Алексей Иванович не успел повернуться к трапу. Из-за штабеля мешков вышли двое в мягких шляпах.

— Не спорь с ним, Барт. Мы сами видели, как с парохода выбрасывали шлак. Оштрафуй-ка их как следует.

— Ну что? — торжествующе поглядел на старпома портнадзиратель. — Пойдемте в склад, там составим акт. Вы будете свидетелями, джентльмены.

— Никуда я не пойду и никаких актов подписывать не собираюсь. Глупость какая-то!

— Ну это мы еще посмотрим. Идемте в склад.

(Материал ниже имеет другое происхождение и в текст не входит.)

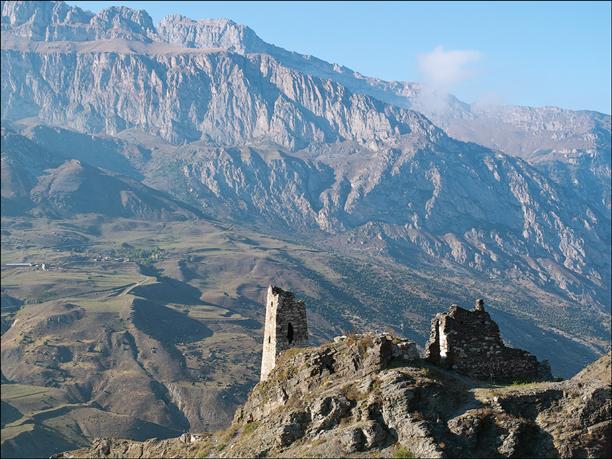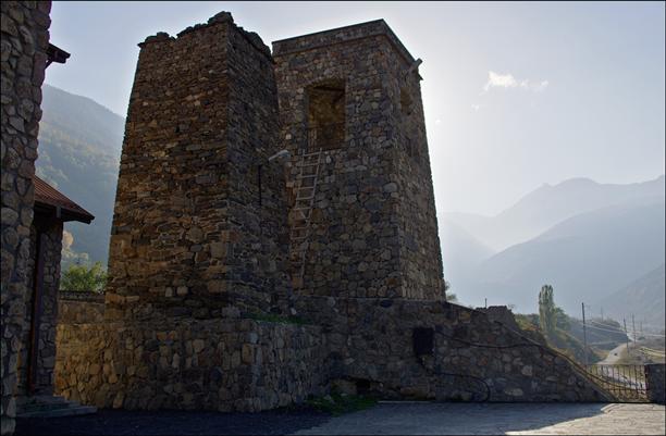 Когда едешь по Осетии, волей-неволей обращаешь внимание на многочисленные родовые башни. До нашего времени сохранилось около трёхсот средневековых башен и замков. Замков, правда, сильно меньше. Около одного из них, миновав Катадурский перевал, мы сделали ещё одну короткую остановку. И опять трудно удержаться от ворчания недовольного фотографа — вместо того, чтобы любоваться фантастическими пейзажами Куртатинского ущелья с невероятно органично «вписанными» в них руинами, все туристы бегом бегут полазать по древним камням, портя своей толчеёй идиллическую картину…
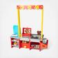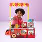 Pop play popcorn and serve favorite wooden versions of Disney treats and drinks from the wooden snack counter with awning, magnetic menu, reach-in “freezer,” popcorn popper, and butter pump; features Mickey Mouse, Minnie Mouse, and other Disney characters.
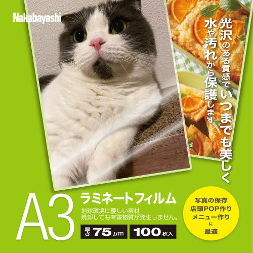 ナカバヤシ LPR-A3E2-75 ラミネートフィルム75um A3サイズ100枚

Двое встали по бокам, угрожающе глядя на штурмана. Матрос с парохода перевесился через релинги. На берегу явно назревал скандал.

— Скажи капитану, пусть придет в склад. Срочно. Здесь недоразумение, — крикнул ему Алексей Иванович, начиная подозревать что-то недоброе.

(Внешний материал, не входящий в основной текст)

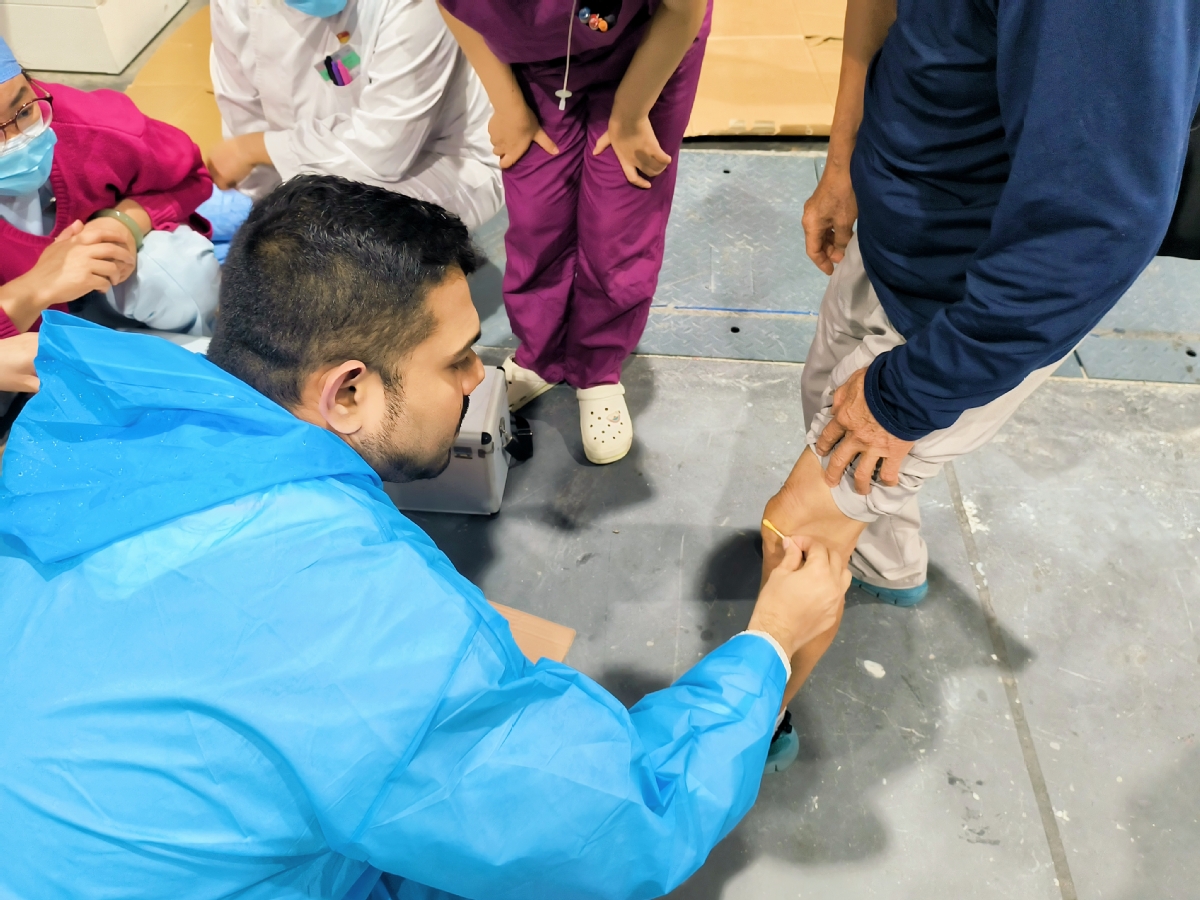 “中国人民群众虽然对医疗队伍中突然出现我这个‘外国医生’有些好奇,但却非常配合我的工作。” 7月31日, 孟加拉籍北京大学第一医院儿科医生周凯比(Dr. Nazmus Sakib)在新闻上得知北京暴雨致部分地区受灾,政府相关部门已安排人们转移至临时安置点,他立即决定赶赴现场,参与救援志愿活动。在首钢园安置点,他给病人清理伤口,包扎伤口,安抚心急的群众......与整个医疗团队的配合十分默契。“不仅如此,大家还很关心我。他们看到我一直忙碌,都递上水让我歇一歇,还会问我是否吃了晚饭。” 周凯比说。

Склад находился всего в нескольких десятках метров от причала. Надо было только пересечь железнодорожные пути. В полутемной конторке один из англичан спросил:

— Вы Алексей Чибисов?

И Алексей Иванович понял все. В одну секунду в памяти пронесся суд в Брисбене, приговор: «…под страхом смертной казни на берег не сходить» и слова Кирзнера: «Будь осторожен».

А потом все было просто. Пришел капитан, и ему сказали, что его старший помощник арестован английскими властями, показали какие-то бумаги. Старик выпучил глаза, трахнул по столу кулаком и заорал:



— Я протестую! Я ничего не знаю. Пусть придет кто-нибудь из наших представителей в Англии. Идем на судно, Алексей Иванович.

Но возвратиться на пароход Алексею Ивановичу не дали. Его посадили в машину и повезли в тюрьму. Дальше события развивались с невероятной быстротой.

На первом же допросе Алексей Иванович понял, чего хотят в «Интеллидженс сервис». Следователь недвусмысленно просил его признаться в том, что он участвовал в убийстве Палмеров, будучи турецким партизаном, присвоил их документы и теперь прибыл в Англию по заданию Коминтерна.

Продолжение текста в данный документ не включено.